ちなみに、保険証を紛失・破損した場合には、速やかに「健康保険 被保険者証回収不能届」を提出し、保険証の再交付を求めましょう。

 

傷病手当金の受給

 

従業員が私生活で負った病気・ケガにより、働くことができなくなったときは、健康保険から生活保障のための金銭的な支援を受けることができます。これを、傷病手当金と言います。

 

傷病手当金は、次のような要件を満たすことで受給できます。

  • 私生活で負った病気・ケガが原因で働けないこと
  • 傷病について医師の診断があること
  • 休業が4日以上に及ぶこと(連続する3日間の待機期間を経過したこと)
  • 休業中に賃金が支払われていないこと

 

傷病手当金は、保険者(全国健康保険協会(協会けんぽ)または健康保険組合)に、「健康保険 傷病手当金支給申請書」提出して請求します。

井上とまと

傷病手当金の額は、月給のおおむね3分の2で、最長で1年6か月間受給することができます。請求は1か月ごとにする必要があります。

 

高額療養費制度

 

私生活で負った病気・ケガにかかる医療費が高額になったとき、自己負担限度額を超えた分が払い戻されます。これを、高額療養費と言います。

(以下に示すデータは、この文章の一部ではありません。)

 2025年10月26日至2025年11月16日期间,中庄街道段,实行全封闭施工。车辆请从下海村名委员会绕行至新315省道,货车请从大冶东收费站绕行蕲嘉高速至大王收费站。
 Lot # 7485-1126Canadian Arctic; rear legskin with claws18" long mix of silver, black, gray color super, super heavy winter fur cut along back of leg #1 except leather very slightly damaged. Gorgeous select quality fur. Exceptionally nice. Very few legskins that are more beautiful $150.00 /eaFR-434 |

高額療養費は自己負担分を支払った後、保険者(全国健康保険協会(協会けんぽ)または健康保険組合)に、「健康保険 高額療養費支給申請書」を提出することで、自己負担限度額を超えた分が払い戻されるかたちをとっているため、一時的にではありますが、高額の自己資金が必要になります。

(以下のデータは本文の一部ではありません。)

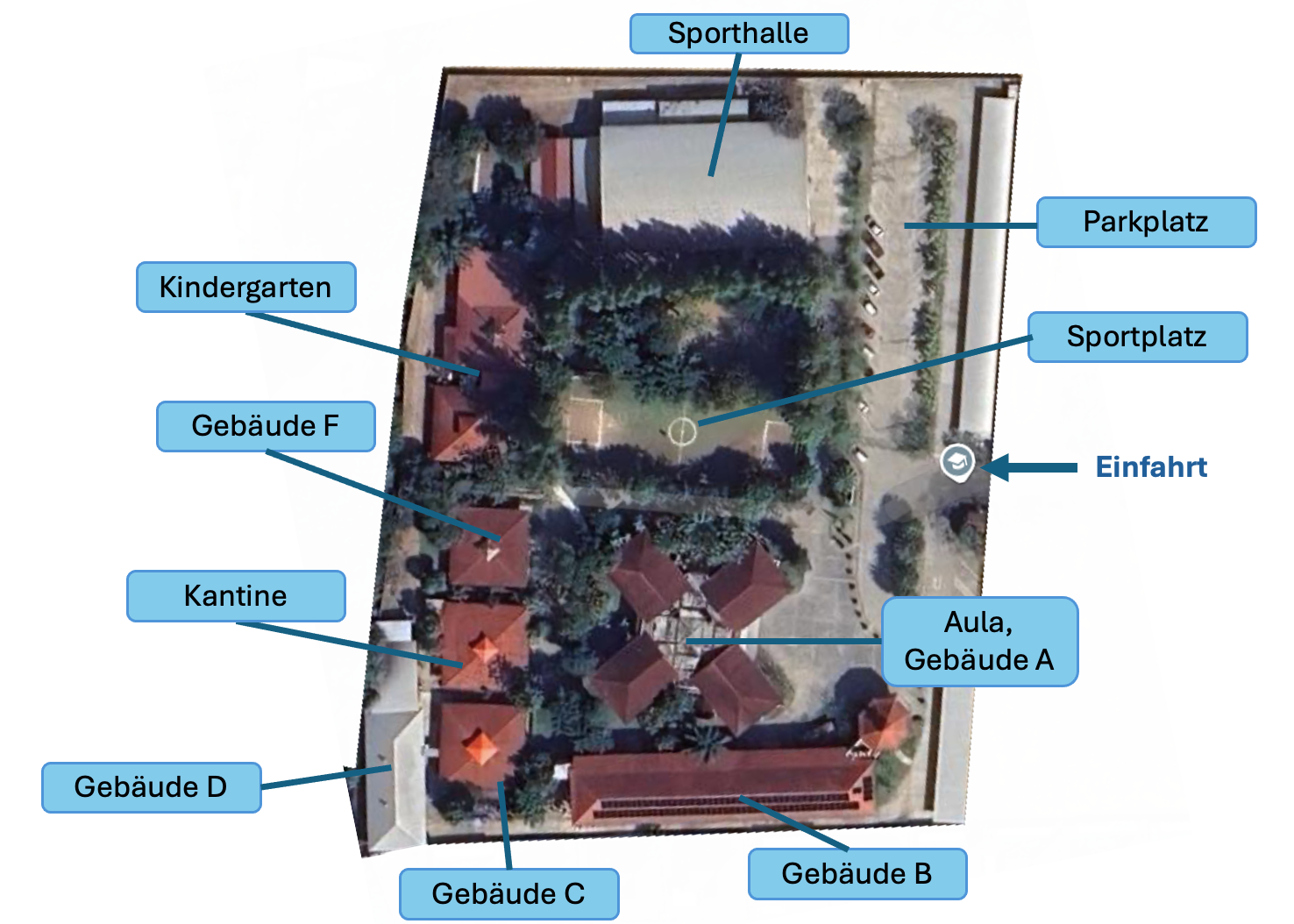 Die CDSC ist eine anerkannte deutsche Auslandsschule, die Bildung vom Kindergarten bis zum Abitur anbietet. Im Schuljahr 2024/25 besuchten 69 Kinder den Kindergarten und 221 Schüler:innen die Schule. In jeder Jahrgangsstufe gibt es nur eine Klasse, was zu einer familiären Atmosphäre führt und enge Beziehungen zwischen Lehrkräften und Lernenden ermöglicht. Das Schulgelände ist in Abbildung 1 in einer Satellitenansicht dargestellt.

そのため、あらかじめ医療費が高額になることが分かっている場合(長期入院や高度な治療が必要な場合)は、保険者(全国健康保険協会(協会けんぽ)または健康保険組合)に「限度額適用認定証」交付してもらうことで、自己負担限度額が自己負担の上限となり、少ない自己資金でも対応できるようになります。

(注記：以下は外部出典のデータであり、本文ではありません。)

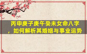 根据您提供的八字 丙申 庚子 庚午 癸未(女命),现从婚姻与事业两方面进行解析,结合五行生克、十神配置及大运走势综合分析:

「限度額適用認定証」は、保険者(全国健康保険協会(協会けんぽ)または健康保険組合)に、「健康保険 限度額適用認定申請書」を提出することで交付されます。

 

埋葬料の受給

 

従業員(被保険者)が私生活で負った病気・ケガにより、死亡したとき、被保険者によって生計を維持している遺族がいる場合には、埋葬費用として埋葬料が支給されます。また、埋葬料を受給する遺族がいないときに、実際に埋葬を行った人がいた場合には、埋葬費用として埋葬費が支給されます。

井上とまと

埋葬料は一律5万円ですが、埋葬費は5万円を上限とした実費になります。

 

埋葬費および埋葬料は、保険者(全国健康保険協会(協会けんぽ)または健康保険組合)に、「健康保険 埋葬料(費)支給申請書」を提出することで受給できるようになります。

「健康保険 埋葬料(費)支給申請書」には、「死亡診断書」、「住民票」、(埋葬費の場合には)「費用の明細書や領収書」を添付しなければなりません。

 

以上で、従業員が私生活で病気・ケガをしたときの手続きに関するおおまかな項目の説明が終わりました。

 

前述のとおり、健康保険の給付は、基本的に被保険者が手続きを行わなければなりません。ただし、会社は円滑に手続きが行わるように支援する必要があります。

長期入院や手術を伴う治療では、医療費も高額になることが多く、従業員の金銭的な負担が一時的に大きくなることもあります。そのため、従業員に保険証の提示や高額療養費制度を勧めることも重要になります。